But then they stop thinking about architecture. Every module gets the same internal structure, usually some form of layered architecture.
The thing is, Clean Architecture and Vertical Slice Architecture aren't as far apart as people think. Both focus on use cases and maximizing cohesion. Clean Architecture just adds a rule for the direction of dependencies, which often leads to more abstractions and ceremony. My Pragmatic Clean Architecture approach takes a middle ground, and it's quite similar to VSA in nature.
The real question isn't which one is "better". It's where each one shines inside your modular monolith. And the beautiful part is: you can mix and match.
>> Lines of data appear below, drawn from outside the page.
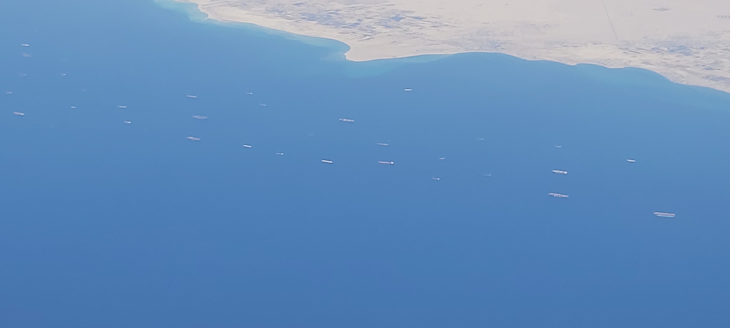 Que of ships in red sea
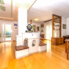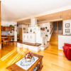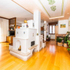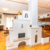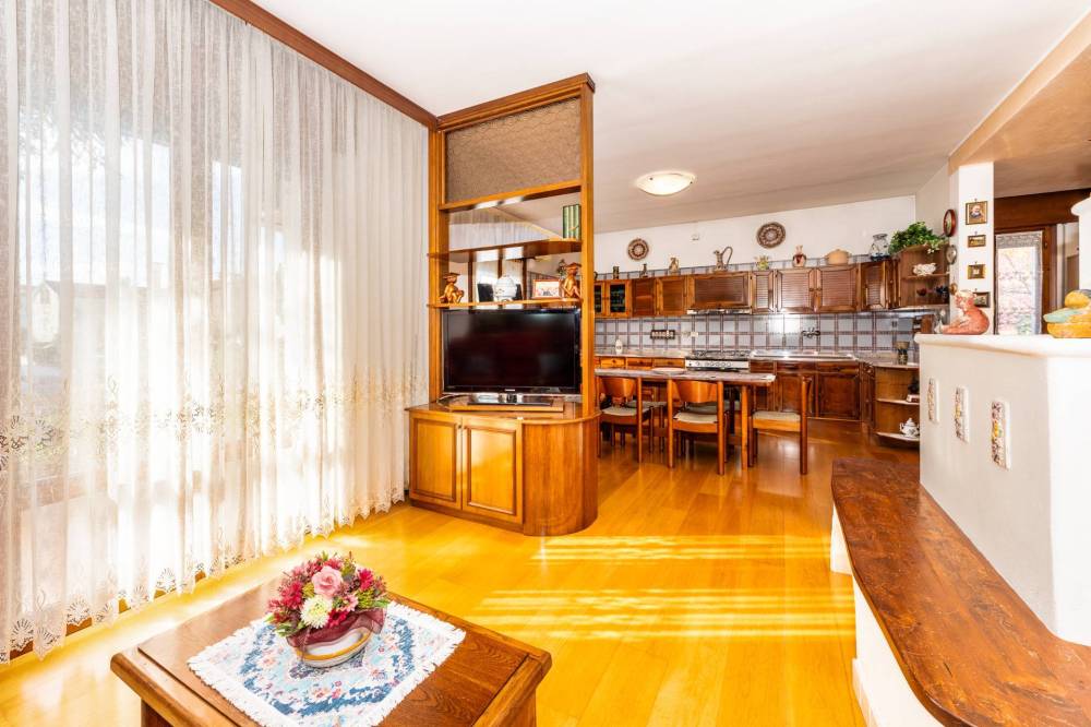 un grande ingresso introduce a un soggiorno luminoso, impreziosito da una caratteristica stufa centrale in muratura che suddivide gli spazi con eleganza.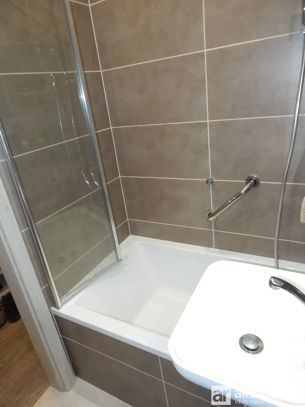 Vkusně obložená vyzděná koupelna se sprchovým koutem se zástěnou a umyvadlem je spojena s toaletou.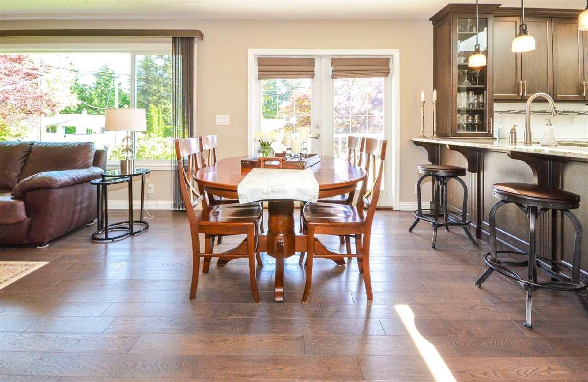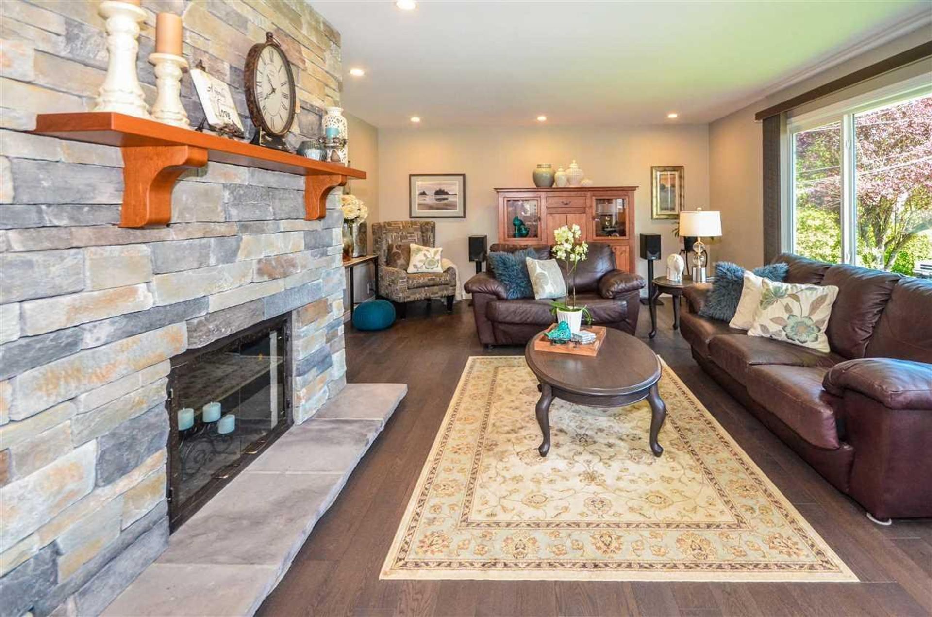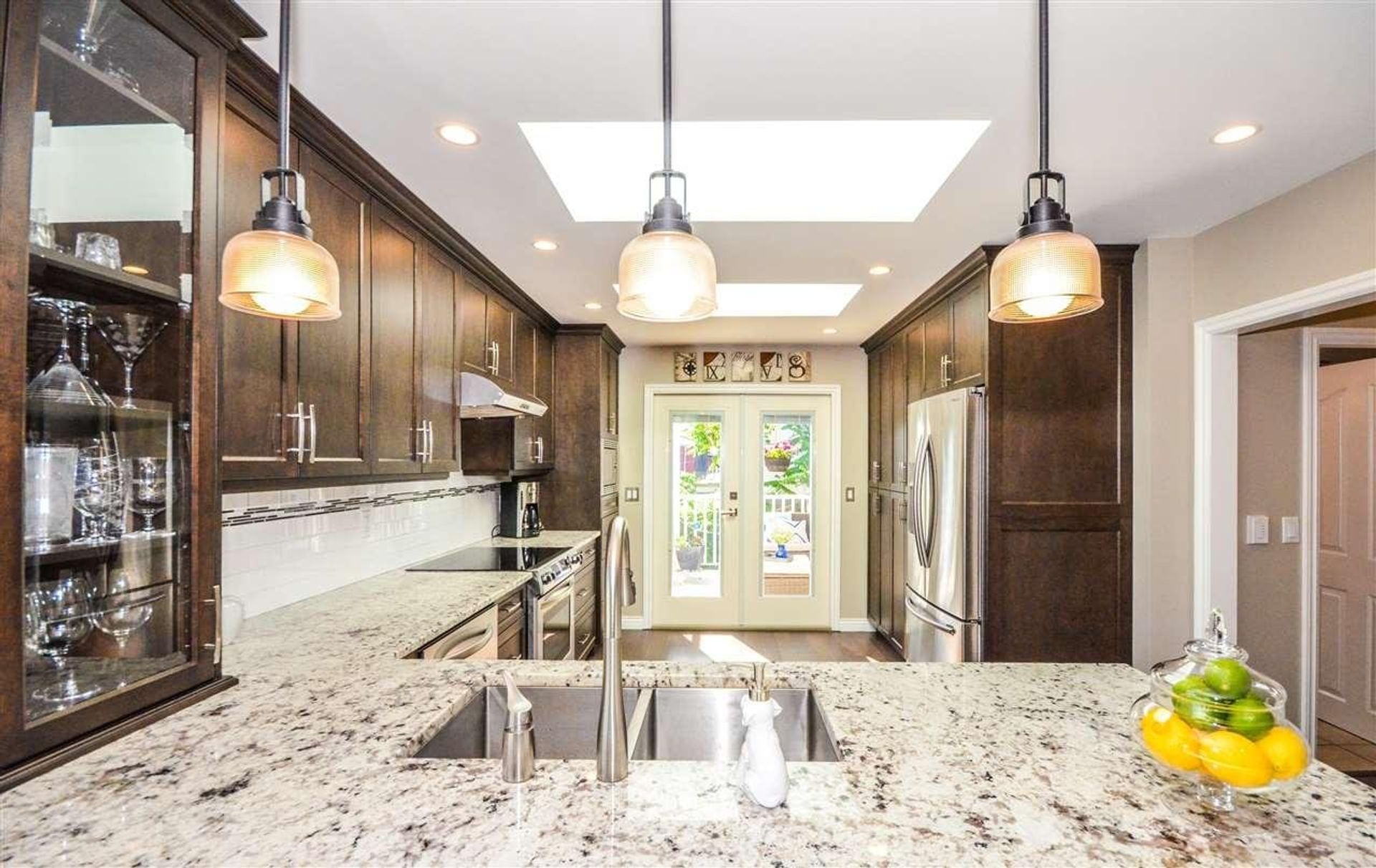 IMMACULATE basement entry home backing onto the park. Great room concept full reno 2015, engineered hardwd, pot lighting, French doors, custom stone fp. Design kitchen; granite counters/eating bar, s/s appliances, tile backsplash, silent close cabinets/pantry cupboard, skylights. THREE spacious bedrms up; updated doors/molding. Bright lower level easily converted to ground lvl suite. Incl lrg recrm w/picture window & gas fp, lg bedrm, computer station, mudrm/laund rm, ample storage & full bath. Beautifully landscaped fenced yard w/shed. Wrap around partially covered VIEW deck for summer entertaining. Dbl garage/dream shop w/sub panel power, lg rv/boat parking in drive. Roof/windows/furnace etc done, just move in & enjoy.

Two Levels of Architecture
There are two architectural decisions you need to make when building a modular monolith:
- Macro architecture - How do you decompose the system into modules? This covers module boundaries, communication patterns, data isolation, public API design, and how modules are deployed.
- Micro architecture - How do you organize code inside each module? This covers folder structure, the direction of dependencies, how you implement use cases, where validation lives, and how you access the database.
Most articles about modular monoliths focus entirely on the macro level. And for good reason. Getting module boundaries wrong is expensive to fix.
But the micro level is equally important. It determines how easy it is to add features, navigate code, and onboard new developers within a module. It's the architecture your team interacts with every day.
The key insight is this:
The macro architecture constrains how modules interact. The micro architecture is a local decision each module can make independently.
Your Ticketing module doesn't have to follow the same internal structure as your Notifications module.
The modular boundary gives you this freedom.
Vertical Slices Are Not Modules
I've seen people conflate vertical slices with modules. On the macro level, a module can look like a "vertical slice" of the business domain. But that analogy breaks down at the application level.
A module is a bounded context. It owns its data, exposes a public API, and encapsulates a business capability. A vertical slice is a feature implementation pattern. It groups the request, handler, validation, and data access for a single use case.
Modules and vertical slices operate at different levels. Modules define the boundaries of the system. Vertical slices organize the code within those boundaries.
Vertical Slices Inside a Module
Vertical Slice Architecture organizes code by feature instead of by technical layer. Each feature is a self-contained unit: request, handler, validation, data access, all in one place.
Inside a modular monolith module, this is a natural fit. The module boundary already enforces separation from the rest of the system. You don't need layers to protect you. The module's public API does that.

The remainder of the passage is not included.